The Timewaster

The Timewaster likes to use firms, particularly large ones, as a free research department as he hunts for ideas, information and, particularly, statistics. Sadly you are most unlikely to appear in the article he claims to be writing for the Financial Times - he has still yet to be commissioned.

The article may appear if you are really lucky, with your firm’s hard work securing a small accreditation at the end of an accompanying chart (in a font no more than nine points in size). The many other firms he contacted and sent on fools errands will have fared less well, and have gained no coverage, although one of the Timewaster’s mates is quoted throughout.

"We have secured a great contact for the future" you guiltily tell the poor solicitor who had to do all the work late one evening on top of an overfull caseload. In fact this is the sort of contact you can do without, and a bankruptcy-sized invoice for your firm’s wasted time would be the appropriate response and a public service.

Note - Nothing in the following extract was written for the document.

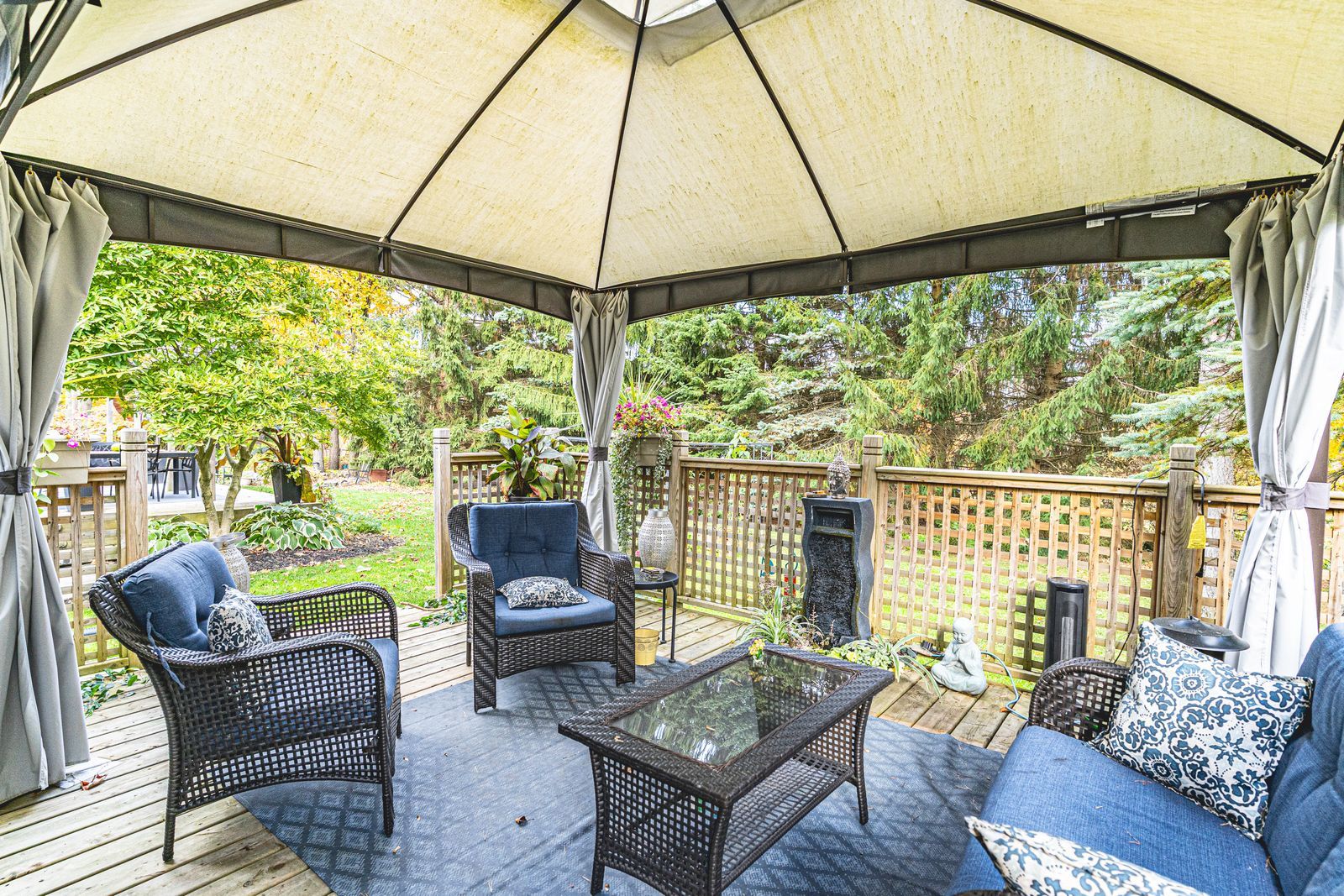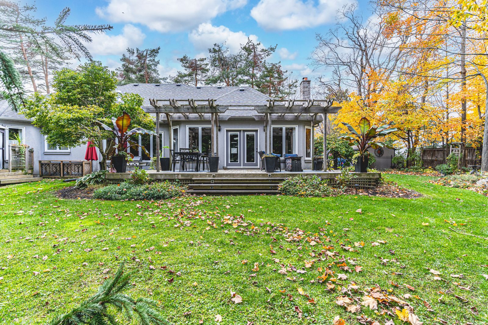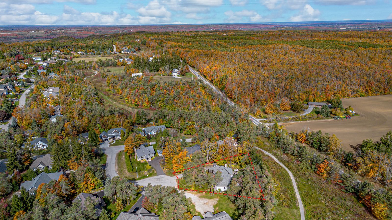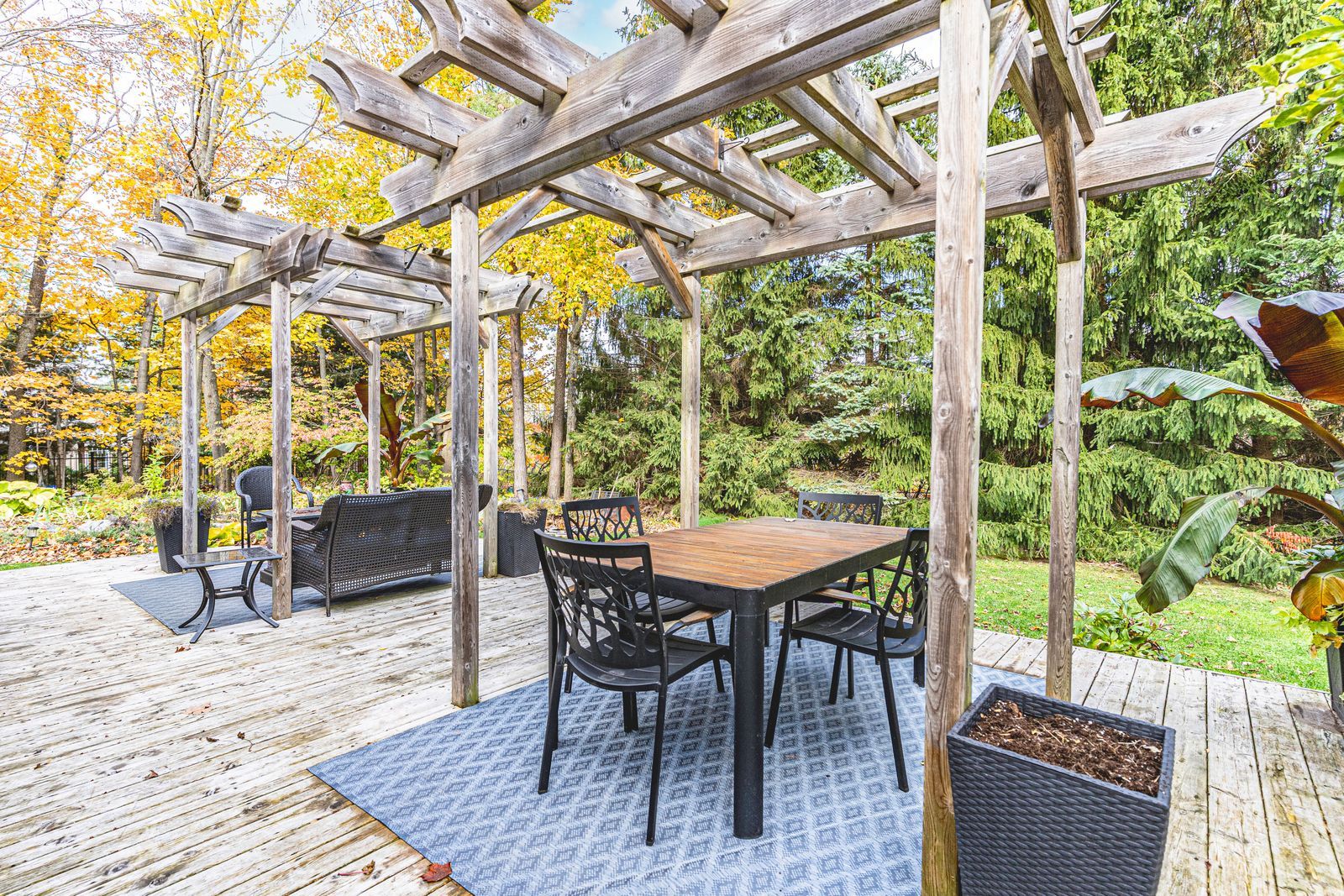 Distinguished horseshoe highlands estate on a serene cul-de-sac setting! Nestled on a quiet cul-de-sac in the prestigious horseshoe highlands, this elegant home offers over 3,650 finished sq ft of timeless style and thoughtful design, backing onto a former golf course surrounded by mature trees and manicured gardens. Sunlight fills every corner of the open-concept layout, where large windows, rounded corners, and refined lighting create an atmosphere of understated luxury. The bright kitchen features wood cabinetry, stainless steel appliances, a gas cooktop, a breakfast bar, and a breakfast area overlooking the yard. A formal dining room with soaring ceilings and dramatic arched windows creates a stunning backdrop for elegant gatherings, while the sunken family room with a tray ceiling and gas fireplace, and the living room with a wood-burning fireplace and wet bar, offer warm and inviting spaces to unwind. The primary suite feels like a private retreat with dual walk-in closets, a five-piece ensuite featuring a dual-sink vanity, a glass-walled shower, a soaker tub, and a walkout to its own secluded deck through double garden doors. Two additional bedrooms share a stylish three-piece bath, while a convenient main-floor laundry adds everyday ease. The partially finished lower level offers a generous recreation room, office, wine cellar, and three-piece bath, providing versatility for any lifestyle. Outdoors, a fully fenced yard with two decks, including one featuring dual pergolas, is framed by lush landscaping, vibrant gardens, and vegetable beds. A double-car garage with inside entry and driveway parking for up to ten vehicles completes this exceptional property. Perfectly positioned within minutes of the new elementary school, community centre, medical clinic, park, and tennis courts, and under 20 minutes from barrie's rvh and georgian college, with year-round recreation close at hand, including skiing, golf, hiking, and vetta nordic spa.
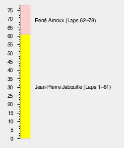 | 2 | 26 | Ligier-Ford | G | 78 | + 34.07 | 4 | 6 | |

Timewasters are particularly found amongst TV researchers and newer freelancer journalists, although there are plenty of Timewasters on the tabloids too who will take your ideas and work, leaving scant credit once they and the sub-editors have hacked the copy.

The best way to avoid the Timewaster is to be clear from the start with journalists what they want, why they want it, specifically what they are going to give you in return.... and do they have the power to deliver their promises. Double-check that freelancers claiming to be writing for a publication have genuinely been commissioned.